Exactly! Our objective is to democratize PCR testing so that everybody can access it and not have to stand in line at a hospital or pharmacy. We’re not there yet, but we’re getting closer.

How would these tests work? Keeping in mind that you are speaking to someone who failed Grade 10 science.
It’s saliva-based; no swab needed. You spit in a device that we’re developing and close it, and a preservative is automatically released into the specimen that isolates the RNA—that’s the part of the DNA that needs to be examined. Twenty minutes later, if the specimen turns red, you’re positive; if it’s yellow, you’re negative. Easy and fast. We’ll need to wait on regulatory approval, but I would say it’s months away, not years. 

What steps are left before it’s ready?
We are working on simplicity, precision, accuracy—so making the specimen pure in a short time. We can do that in the lab, but most people don’t have centrifuges and incubators in their homes. In the computer world, they have the expression “garbage in, garbage out”—meaning your result is only as good as your inputs—and this phrase applies to diagnostics, too. If you have a lousy specimen, there is zero value to the test. 

Can you share a recent scientific breakthrough?
I don’t want to get into specifics because there are a lot of competitors out there, both in Canada and across the globe.

So it’s a race then?
No question. Whatever information I have, the Chinese also have it, the Indians, the Brazilians. Business is not competing with the company across the street. This is billion-dollar technology and we’re in a global competition. We currently have 26 patents issued and 10 more pending, but if people in different countries don’t respect your patent, what are you going to do? Go and sue them in Russia?

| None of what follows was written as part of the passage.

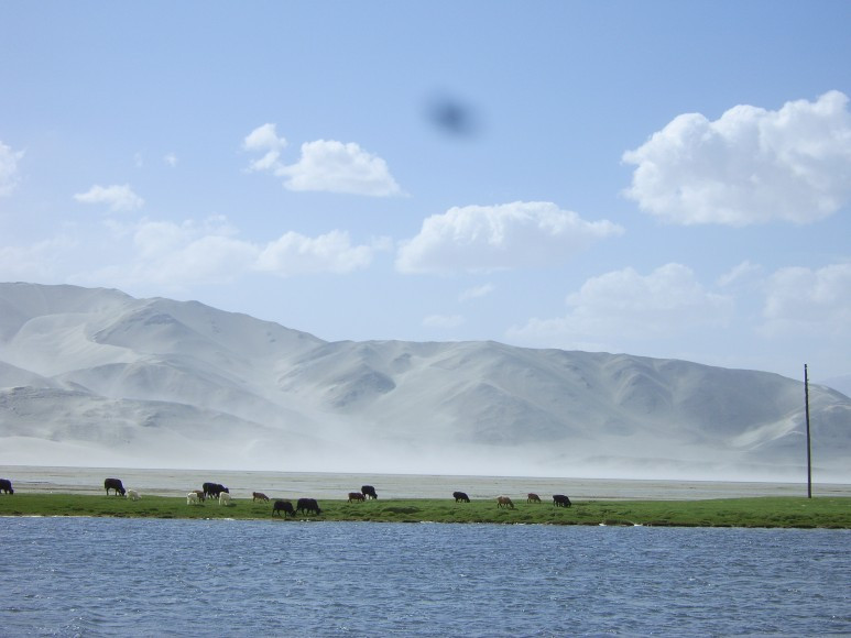 검문소를 지나 차를 타고 파미르 고원을 더욱 달리자 세찬 흙탕물이 여기저기에서 흘러내렸다. 따뜻해진 여름의 기온이 설산의 눈을 녹여 이루어진 일시적인 냇물들이었다. 그렇게 크고 작은 냇물들이 모여 낮은 지대에 작은 호수를 만들고, 거짓말처럼 건조하고 추운 고원의 호수 주위로 정말 비현실적인 푸른 초장을 이루어 냈다.

What difference could rapid PCR testing make in terms of the general public’s ability to fight Covid?
This could make such a huge difference to containing the virus. Think about schools or workplaces. We have been using regular PCR testing with our staff because we have the facility, and we have not had a single outbreak. When a positive result is detected, the person is sent home. Imagine the implications for traveling if you could just spit in a tube at the airport and get on the plane?

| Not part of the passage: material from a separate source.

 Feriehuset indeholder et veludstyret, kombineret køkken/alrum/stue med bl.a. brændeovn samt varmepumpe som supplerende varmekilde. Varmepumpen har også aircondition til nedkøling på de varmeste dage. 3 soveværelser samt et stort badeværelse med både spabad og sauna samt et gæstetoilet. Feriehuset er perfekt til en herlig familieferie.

So you’re saying a rapid test before travel is not sufficient?
Well, it’s better than nothing. But if you could have greater accuracy it would make such a difference. Everyone talks about how we need to get back to normal, and I think that accurate detection is the best weapon we have. If you know the history of biology you know that every eight years or so there’s a new disease that could or could not lead to an outbreak. If you can see the wolf, you can avoid the wolf. 

There has been a lot of conversation around how Canada needs to beef up domestic test production to avoid being reliant on other countries. Presumably you agree?
Yes, absolutely. We have so such a strong scientific talent pool—there is no reason why we shouldn’t be more self-reliant. What we need is a commitment from the government to ensure manufacturers are in the position to scale up when necessary. 

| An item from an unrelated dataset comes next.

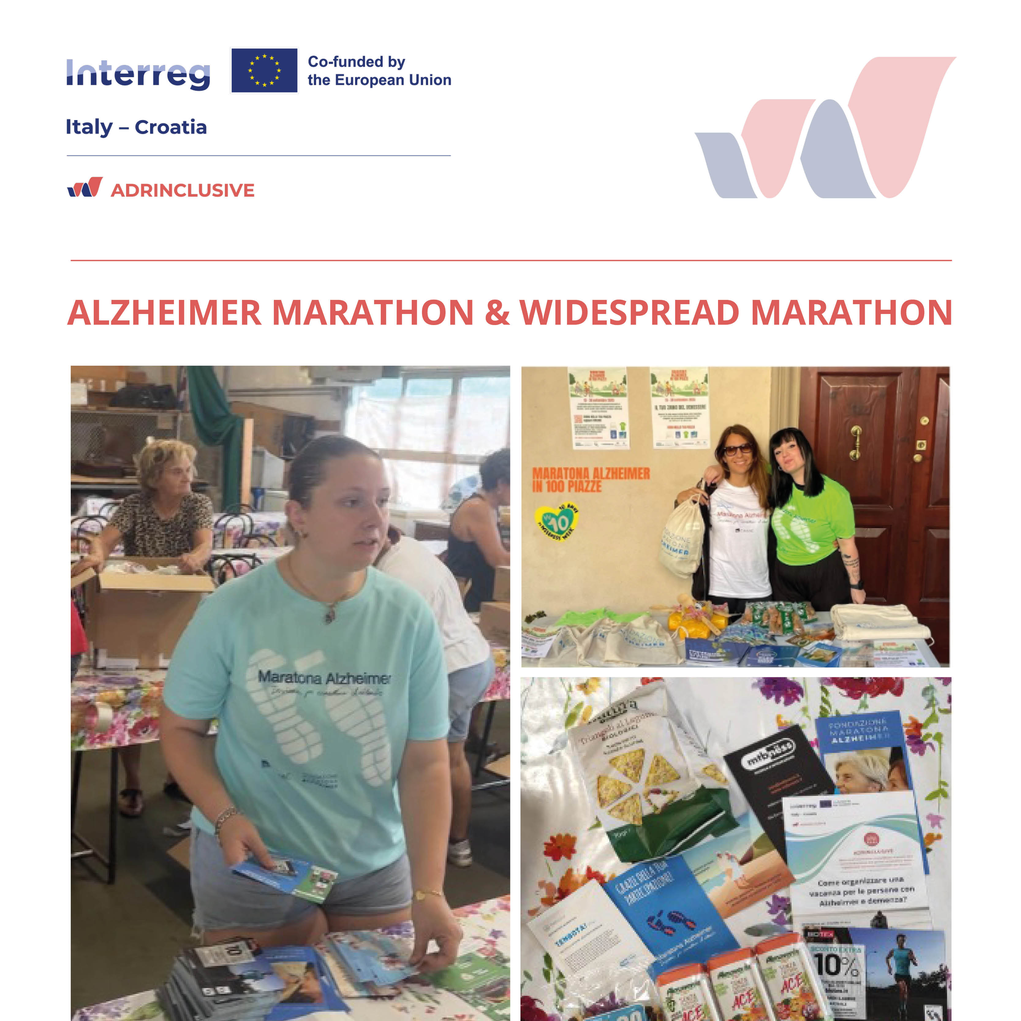 During the promotion of the event, the ADRINCLUSIVE project was highlighted through both online and offline communication materials. A copy of the project brochure was included in the race kits distributed to all Half Marathon participants (1,000) and Virtual participants (300). In addition, brochures were distributed to approximately 4,500 participants in the Alzheimer March with the support of volunteers and through an “ADRINCLUSIVE INFOPOINT”set up in the event village at Parco di Levante in Cesenatico.

When you say commitment, you mean money.
Yes. For business owners it isn’t feasible to maintain capacity far beyond what the market demands at the time. The government needs to say, “Okay, you scale up, and we will support you even if we don’t need the product now.” Because if you wait for the crisis, it’s too late. It’s sort of like investing in a bunker. You hope you don’t need it, but if you wait until you do, it’s too late.

And speaking of money. You recently made a $5-million dollar donation to the Brock Engineering department. I guess you have done pretty well in all this?

Yes, we have done well, but I’m not doing this to get rich. I’m excited to be able to support innovation at Brock where I spent so many years, but what else am I going to do? You eat three meals a day, you have clothes to wear. What else are you going to do? And I bought a new car. I haven’t had a car in a long time and my wife has always driven me to work. I miss our time together in the morning though, so I might give the car to her.